Print nothing except the lines of the listing below from the line with "2室2厅1卫-J1栋,J2栋,H1栋精逸型02两居" to the line with "CUSTOM AIR FORCE", each exactly as written, both ends included.

- **EXERCISE DATA**:
>>>

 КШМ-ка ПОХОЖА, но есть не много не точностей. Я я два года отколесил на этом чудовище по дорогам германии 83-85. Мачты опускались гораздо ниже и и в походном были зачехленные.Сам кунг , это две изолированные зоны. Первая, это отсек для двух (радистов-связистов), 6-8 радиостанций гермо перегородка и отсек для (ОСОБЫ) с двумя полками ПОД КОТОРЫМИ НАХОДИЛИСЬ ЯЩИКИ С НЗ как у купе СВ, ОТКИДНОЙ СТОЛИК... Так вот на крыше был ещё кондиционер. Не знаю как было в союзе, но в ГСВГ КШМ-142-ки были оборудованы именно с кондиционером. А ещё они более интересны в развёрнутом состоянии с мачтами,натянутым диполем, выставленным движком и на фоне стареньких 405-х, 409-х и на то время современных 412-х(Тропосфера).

<<<
>>>

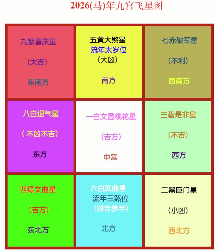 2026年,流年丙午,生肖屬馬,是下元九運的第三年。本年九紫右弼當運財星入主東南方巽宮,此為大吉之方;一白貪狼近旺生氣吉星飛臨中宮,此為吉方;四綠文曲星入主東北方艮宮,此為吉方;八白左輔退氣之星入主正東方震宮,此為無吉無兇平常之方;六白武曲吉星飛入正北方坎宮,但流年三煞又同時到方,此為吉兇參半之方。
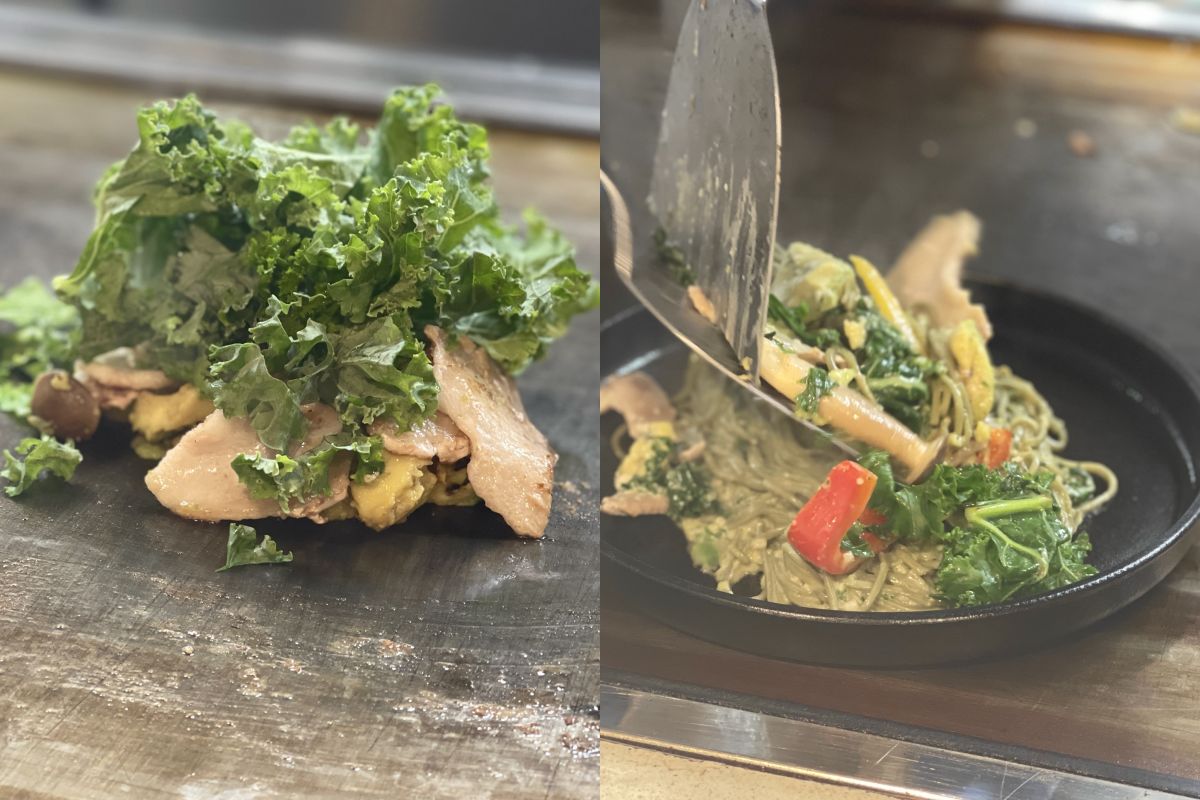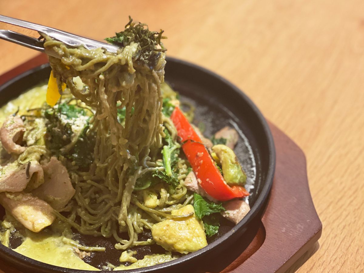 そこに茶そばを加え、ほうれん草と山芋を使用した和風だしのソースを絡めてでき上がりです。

<<<
>>>

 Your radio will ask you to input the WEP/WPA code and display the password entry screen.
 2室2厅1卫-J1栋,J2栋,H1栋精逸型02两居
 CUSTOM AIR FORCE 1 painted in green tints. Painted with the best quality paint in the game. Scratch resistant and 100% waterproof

<<<

- **RESULT OF THIS EXERCISE**:
 2室2厅1卫-J1栋,J2栋,H1栋精逸型02两居
 CUSTOM AIR FORCE 1 painted in green tints. Painted with the best quality paint in the game. Scratch resistant and 100% waterproof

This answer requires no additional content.